Chi pensa alle moto gran turismo come grosse due ruote "super-carenate" adatte solo a macinare chilometri e chilometri di autostrada a 130 all'ora, pesanti e impacciate nella guida e impossibili da utilizzare quotidianamente allora non ha mai avuto l'occasione di guidare una RT! Già, perché il concetto appena citato non è mai appartenuto a questo glorioso modello BMW! Vediamo insieme il perché, ma analizziamo il passato.

Un po' di storia - Nel 1978, BMW introduce sul mercato la R 100 RT (Reise-Tourer), la prima vera gran turismo del marchio bavarese derivata dalla R 100 RS uscita appena due anni prima. Questo modello era una R 100 arricchita con borse laterali rigide e un'enorme carenatura frontale composta da due prese d'aria, frecce, faro tondo nascosto da un'ulteriore vetro quadrato e un grande parabrezza.

Su questa base, BMW continuò con piccoli aggiornamenti fino al 1984, ma dobbiamo attraversare un decennio e arrivare fino al 1996 per arrivare alla RT più apprezzata e che gettò le basi per la nuova era delle gran turismo a 360°. Fu infatti con la R 1100 RT che, fino al 2001, BMW stupì il mondo delle due ruote creando una gran turismo molto comoda, potente e molto agile, che non aveva nulla da invidiare alle più grosse moto da viaggio, autoradio compresa!

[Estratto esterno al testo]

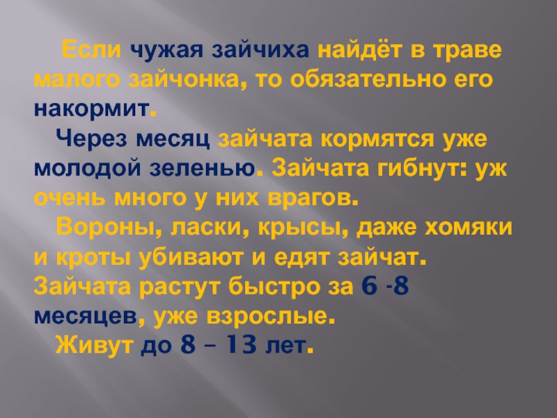 Вороны, ласки, крысы, даже хомяки и кроты убивают и едят зайчат. Зайчата растут быстро за 6 -8 месяцев, уже взрослые.

L'aggiornamento globale arrivò poi nel 2002 con la R 1150 RT, dotata di un propulsore rivisto, nuovo look e nuove dotazioni di bordo, modello che ha subito un resyling nel 2004 per poi essere quasi del tutto stravolto nel 2005 con la R 1200 RT, dalla quale derivano le ultime RT fino ad oggi. Ciò che infatti è stato migliorato negli anni, oltre a look e dotazioni, è il comportamento di questo modello una volta su strada: con il passare degli anni, la BMW RT è divenuta sempre più maneggevole e versatile , una caratteristica che non tutti conoscono!

Oggi, con il MY 2017, la R 1200 RT si riconferma la gran turismo che ci ha stupiti nel 2013/14, quando è stato introdotto il nuovo bicilindrico boxer da 1170 cc con raffreddamento aria/liquido, capace di 125 CV e 125 Nm di coppia. Gli aggiornamenti per il 2017 sul propulsore riguardano l'arrivo di uno smorzatore di vibrazioni sull'albero motore chiamato judder damper, nuovi alberi di trasmissione e cuscinetti degli stessi e un attuatore del tamburo di selezione del cambio rivisitato. Per rispettare i regolamenti EU4 è stata inoltre aggiunta una spia OBD nel cruscotto.

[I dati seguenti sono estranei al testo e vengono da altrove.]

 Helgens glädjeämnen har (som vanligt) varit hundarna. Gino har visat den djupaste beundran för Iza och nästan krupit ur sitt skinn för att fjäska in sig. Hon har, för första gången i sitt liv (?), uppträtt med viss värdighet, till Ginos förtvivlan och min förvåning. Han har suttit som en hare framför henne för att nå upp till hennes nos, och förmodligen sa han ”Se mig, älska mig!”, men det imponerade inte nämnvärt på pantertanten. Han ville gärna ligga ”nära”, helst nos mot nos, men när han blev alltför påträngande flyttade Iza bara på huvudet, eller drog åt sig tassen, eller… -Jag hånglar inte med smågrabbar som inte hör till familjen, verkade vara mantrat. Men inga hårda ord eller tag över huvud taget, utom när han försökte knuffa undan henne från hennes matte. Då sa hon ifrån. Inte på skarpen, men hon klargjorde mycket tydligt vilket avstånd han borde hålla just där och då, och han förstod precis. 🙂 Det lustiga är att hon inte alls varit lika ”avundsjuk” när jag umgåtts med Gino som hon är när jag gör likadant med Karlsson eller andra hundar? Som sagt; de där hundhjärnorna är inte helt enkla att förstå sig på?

Oltre ai cambiamenti tecnici sopra descritti, la R 1200 RT presenterà nuovi colori a partire dal Model Year 2017: Carbon Black metallizzato, Alpine White e Platinum Bronze metallizzato. Per migliorare la sicurezza della moto, la sua gamma di equipaggiamenti opzionali è ampliata per comprendere l’ABS Pro ottimizzato per le frenate a moto inclinata e la luce di frenata dinamica (entrambi in abbinamento all’opzione Riding Modes Pro). Il prezzo parte da una base di 18.900 €.

BMW R 1200 RT MY 2017: la guida su strada


Il successo raggiunto negli anni da questo modello è un dato ormai storico nel mondo del motociclismo. La RT è diventata un must per tutti coloro che sono alla ricerca di una vera gran turismo che, oltre al comfort, offra la giusta maneggevolezza e guidabilità per affrontare anche la jungla cittadina e i tratti più veloci e divertenti.

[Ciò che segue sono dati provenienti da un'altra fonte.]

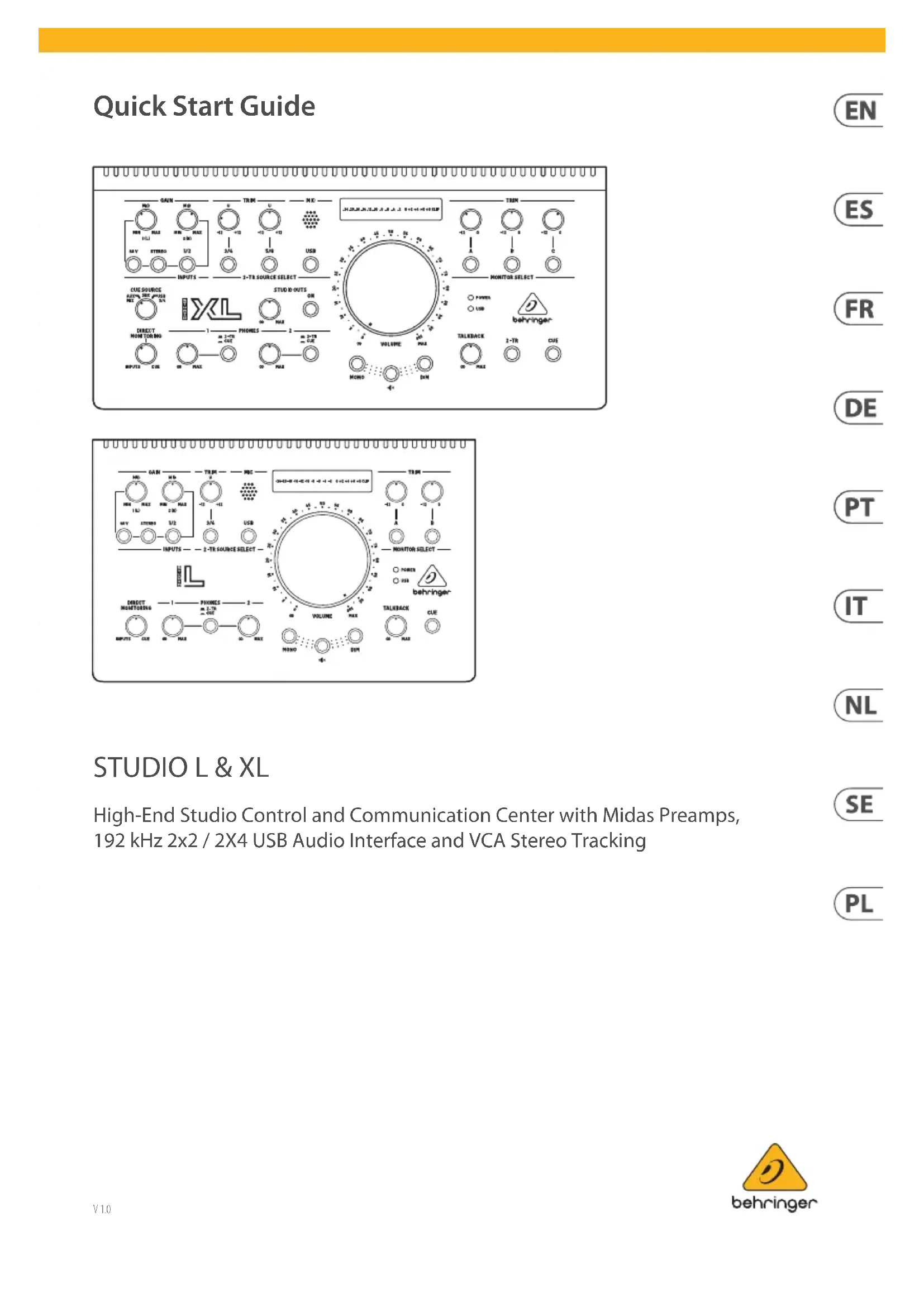 STUDIO XL - Non catégorisé BEHRINGER - Notice d'utilisation et mode d'emploi gratuit

Una volta in sella, si apprezza l'estrema comodità della seduta e della posizione di guida. La seduta è bassa e si tocca saldamente il terreno con entrambi i piedi. La sella può inoltre essere regolata su due posizioni. Il manubrio ampio garantisce una posizione eretta leggermente protratta in avanti. Le pedane risultano appena arretrate, giusto per assicurare un migliore appoggio quando si alza il ritmo..

Dopo le dovute regolazioni, ci sembra doveroso conoscere meglio il lato più tecnologico di questa moto, familiarizzando con uno schema di comandi piuttosto intuitivo ed ergonomico. Il centro di tutto è il display LCD a colori che fornisce praticamente ogni tipo di informazione. Attraverso il pomello multi-controller è possibile agire sia sulla radio che sul navigatore satellitare.

Ciò che si apprezza davvero tanto è la possibilità di regolare elettronicamente l'ampio parabrezza che, anche se impostato nella posizione più bassa, offre la giusta protezione aerodinamica. I due specchietti laterali fungono inoltre da paramani, riparando gli arti dal vento e da eventuali detriti.

Il baricentro molto basso, l'ottima equilibratura del peso e il setup delle sospensioni assicurano una manovrabilità difficile da trovare anche su altre moto ben più snelle e appartenenti a tutt'altro segmento. Il primo giro lo effettuiamo in città, location apparentemente inappropriata per questo mezzo. Non esiste affermazione più sbagliata! Nella metropoli, prese ovviamente le dovute misure, la R 1200 RT si avvicina molto al concetto di urban-commuter, con il vantaggio di avere un comfort senza paragoni e delle vere sospensioni!

E non dimentichiamo la grande capacità di carico! Le due capienti borse rigide laterali, dotate di chiusura centralizzata e sgancio rapido, consentono di portare con se una grandissima quantità di effetti personali. Il loro design consente alla moto di sfoggiare un posteriore molto snello rispetto alla carenatura anteriore, appositamente pensato per ospitare le due borse laterali inglobandole nella carrozzeria, caratteristica che consente al conducente di viaggiare "sereno" senza il timore di incastrarsi tra i veicoli.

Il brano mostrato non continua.